Arriving at Gryss’s cottage he was greeted first by his father, who opened the door and looked pleasantly surprised to see him, and then by a belated and indifferent bark from Gryss’s old dog.

‘It’s Farnor,’ Garren said, as he entered the back room with his son. Gryss, seated in a large wicker chair, smiled and raised a hand in greeting.

‘You’ll forgive me if I don’t stand, Farnor,’ he said. ‘I’m afraid I did rather too much yesterday and my legs aren’t what they were.’ He motioned the new arrival to a chair facing him across the empty fireplace. Garren sat down at the long wooden table on which were some papers and an open box containing various writing materials. He picked up a long pen and carefully wiped the nib on a cloth. Then, to complete the ensemble, the old dog entered and lumbered over towards Gryss. It bumped heavily into Farnor on the way and then slumped to the floor noisily at Gryss’s feet. After settling itself wheezily, it let out a great sigh as if to declare that the meeting could now continue following this unwar-ranted interruption.

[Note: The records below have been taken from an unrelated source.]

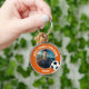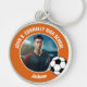 This cool customized high school soccer player photo gift features white typography of your team and player name on an orange keychain with a soccer ball. Personalize with your student's photograph as a proud futbol parent.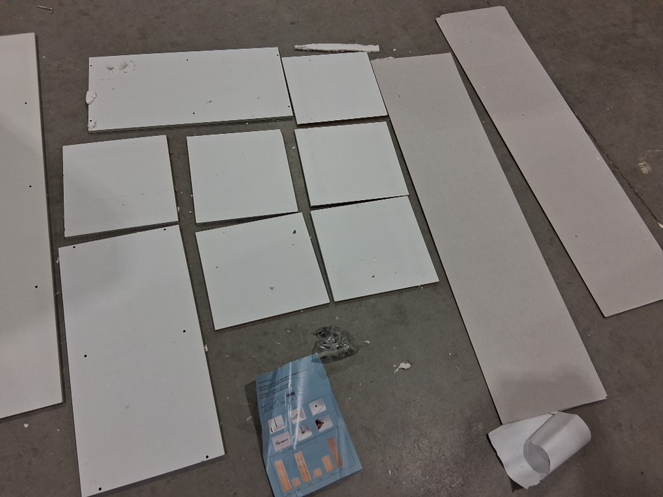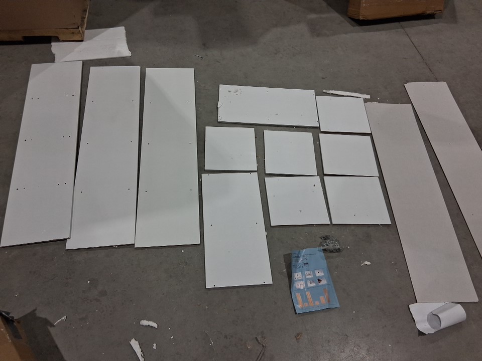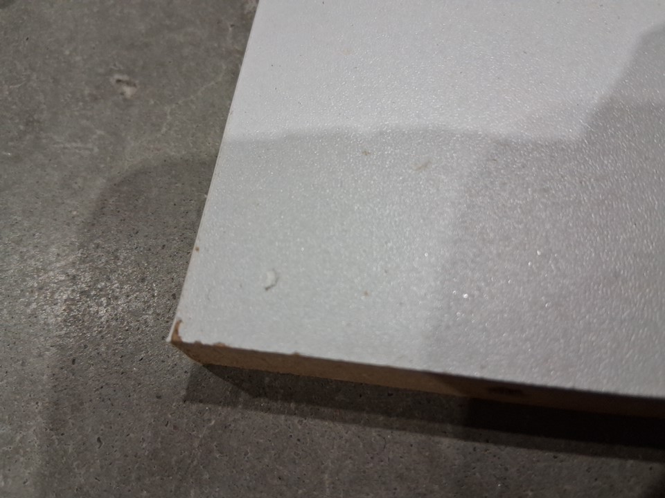 The product has scuff marks and chips off pieces taken off across every piece due to shipping/warehouse handling. See photos attached.
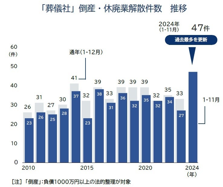 「葬儀社」の淘汰が加速している。2024年11月までに発生した葬儀社の倒産(負債1000万円以上、法的整理)が12件、休廃業・解散(廃業)が35件発生し、計47件が市場から退出した。23年から1.7倍ペースで増加しているほか、これまで最多だった2007年(42件)を超え年間最多を更新するなど、増加傾向が目立っている。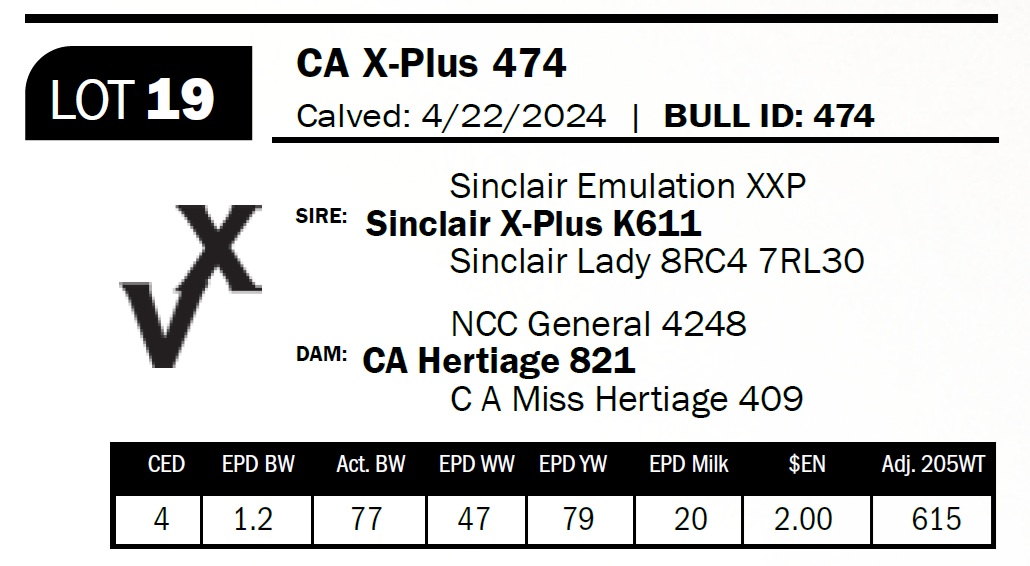 | CA X-Plus 474 | 19 | Two-Year Old Bull | Rancher’s kind of bull–big, deep, and long. Will add pounds and performance to your steer calves. |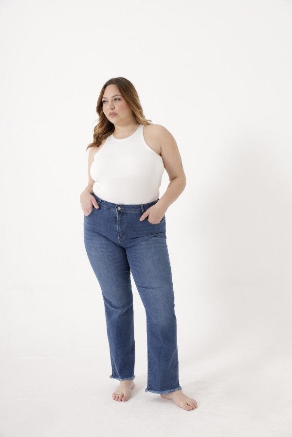 Elastizado, tiro alto, bolsillos delanteros y traseros, ruedo desflecado, detalle de bigotes.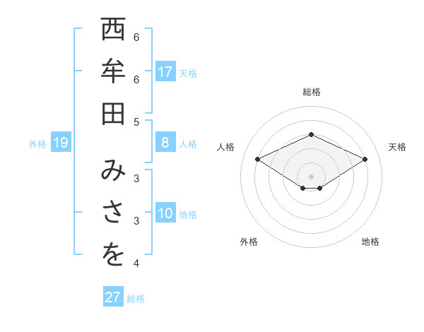 西牟田 みさをさんを姓名の画数から五運を鑑定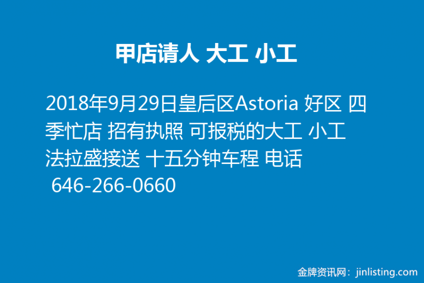 甲店请人 大工 小工 皇后区Astoria 好区 四季忙店 招有执照 可报税的大工 小工 法拉盛接送 十五分钟车程 电话☎️ 646-266-0660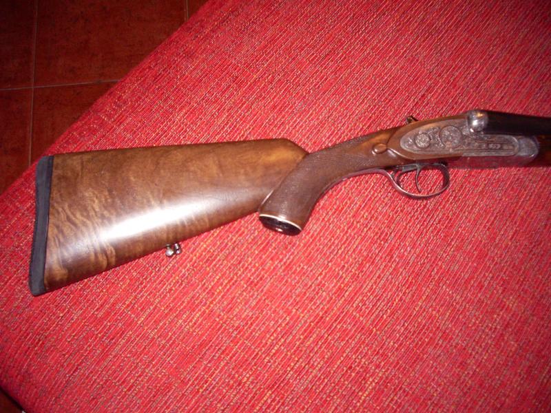 No se si saldrán las fotos. Esta es una de mis escopetas que tenia la culata rota y le hice esa culata si te fijas está un poco torcida hacia le derecha por que yo soy diestro, y tiene un encare extraordinario.

Gryss rooted down by the side of his chair busily, and retrieved a towel from somewhere. He threw it at Farnor. ‘Here, dry your hands and face. You look like a drowned rat.’

Gratefully, Farnor rubbed his damp hair into an untidy mass, then wiped his face. The smell of the towel was the smell of Gryss’s room. Welcome familiarity closed protectively around Farnor’s concerns.

‘Did your mother send you?’ Garren asked as Farnor completed his brisk toilet and handed the towel back to Gryss.